Step 103: and detecting a data transmission state between the WiFi access point and the WiFi access point, adjusting the current transmitting power according to the current data transmission state, and determining the adjusted transmitting power as the updated current transmitting power.

Here, data transmission is performed between the terminal and the WiFi access point in a frame manner, and the data transmission state may be determined according to a difference between the number of frames received by the WiFi access point after the terminal sends the corresponding number of frames to the WiFi access point.

Specifically, if the difference between the number of frames returned by the WiFi access point after the terminal sends the corresponding number of frames to the WiFi access point in the current state is △, it is proved that the transmission of the current frame is lost, the number of lost frames is △, it may be that the terminal is far away from the WiFi access point or that there are more obstacles in the environment.

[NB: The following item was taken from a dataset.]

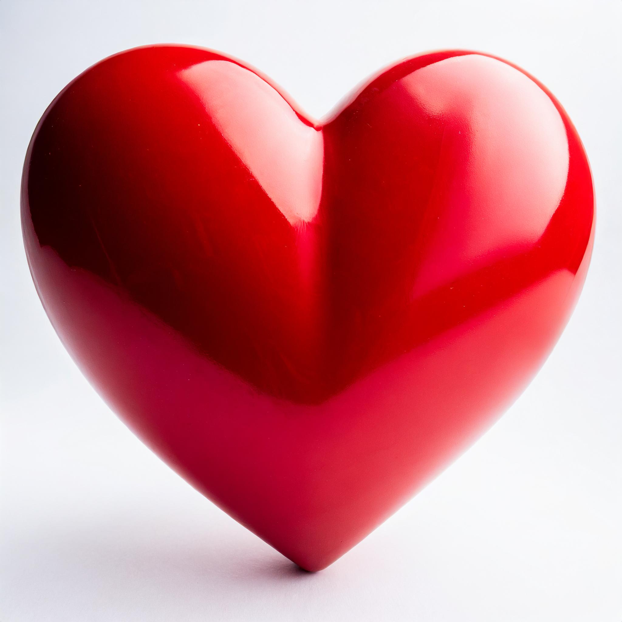 Sur un fond complètement blanc et uniforme, un cœur rouge bidimensionnel occupant tout le cadre tout en restant entier.

Taking the current negotiation to the rate of 54Mbps and the transmission with the fixed power of 13dBm as an example, when the terminal is far away from the WiFi access point or has more obstacles in the environment, if the terminal operates according to the conventional transmission power of 13dBm, the terminal can only keep normal communication with the WiFi access point by reducing the negotiation rate, for example, reducing the negotiation rate to 48Mbps or lower so as to increase the transmission power, so that the mode of directly reducing the rate to increase the transmission power will probably seriously affect the current use requirement of the user. In the above embodiment of the present application, if the current negotiation rate is 54Mbps, when the data transmission state between the terminal and the WiFi access point is detected, it is determined that the lost frame is 3 frames, which indicates that the terminal may not normally communicate with the WiFi access point at the 54Mbps rate because the power is insufficient for the terminal with the transmit power of 13dBm, and therefore, the transmit power needs to be increased to ensure that the terminal and the WiFi access point normally communicate at the 54Mbps rate, so that the terminal and the WiFi access point continue to communicate at the 54Mbps rate at a high speed.

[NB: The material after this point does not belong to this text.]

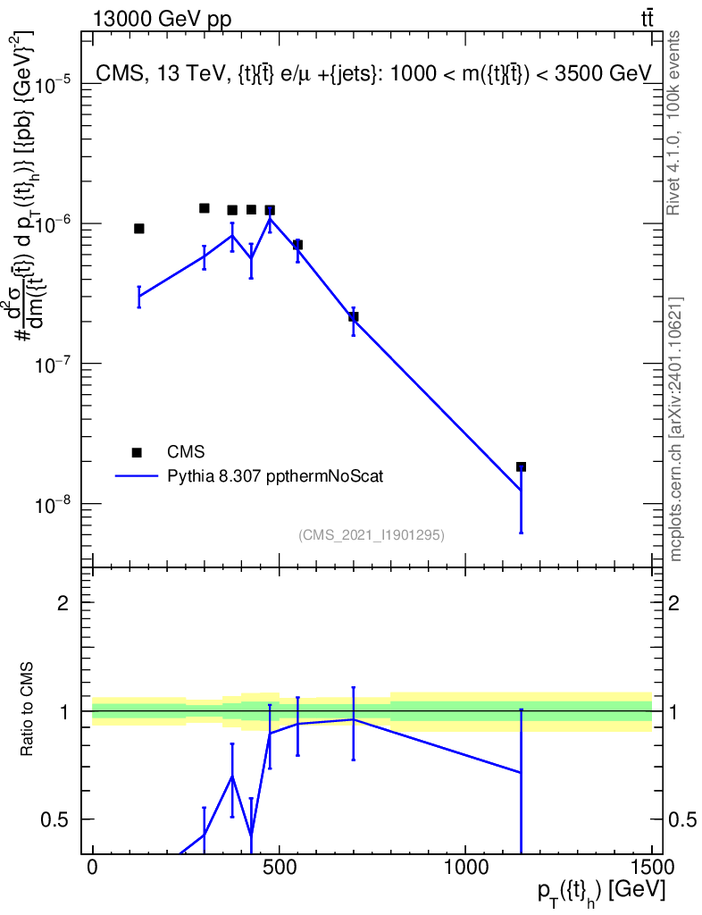 Lines: data, pythia8 8.307 ppthermNoScat |

In the above embodiment of the present application, when the terminal detects that the terminal is connected to the WiFi access point, a current negotiation rate corresponding to the WiFi access point is obtained; determining the current transmitting power corresponding to the current negotiation rate according to the current negotiation rate and the corresponding relation between the negotiation rate and the transmitting power; and detecting the data transmission state between the WiFi access point and the WiFi access point, adjusting the current transmitting power on the premise of maintaining the required rate according to the current data transmission state, and determining the transmitting power matched with the current negotiated rate as the updated current transmitting power. Therefore, the transmitting power is dynamically adjusted by detecting the data transmission state between the terminal and the WiFi access point, on one hand, when the terminal is close to the WiFi access point, the embodiment of the invention can reduce the transmitting power and simultaneously maintain the prior negotiation rate, thereby realizing effective reduction of power consumption; on the other hand, when the terminal is far away from the WiFi access point, if the terminal negotiates with the WiFi access point, the terminal can stay in the high-rate mode, and the terminal is maintained in the high-rate mode by increasing the transmission power.

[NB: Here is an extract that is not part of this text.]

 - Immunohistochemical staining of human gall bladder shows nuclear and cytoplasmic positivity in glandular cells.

In an embodiment, before adjusting the current transmit power according to the current data transmission state, the method further includes:

Here, the generating, by the terminal, a correspondence between the transmission power and the voltage according to the voltage signal corresponding to the transmission power signal after the coupling includes: before the terminal is connected with and uses the WiFi access point, different transmitting powers are tested and calibrated, a voltage signal corresponding to the coupled transmitting power signal is obtained through a standard, and a corresponding relation between the transmitting power and the voltage is generated. The specific calibration process is as follows: when a terminal transmits a radio frequency signal to a WiFi access point, the radio frequency signal is transmitted through a WiFi chip in the terminal and is transmitted by an antenna through a coupler, wherein the radio frequency signal is coupled into a power detection circuit through the coupler, the coupled power passes through a detection circuit in the power detection circuit and then generates a corresponding relation between power and voltage for storage, a corresponding relation table of a power value and a voltage value is obtained, the corresponding voltage value is input to an analog-to-digital conversion circuit in the WiFi chip and then corresponding transmission power is output as shown in the following table I. Thus, the power detection circuit and the analog-to-digital conversion circuit generate a one-to-one correspondence relationship between the power value and the voltage value, as shown in the following table two.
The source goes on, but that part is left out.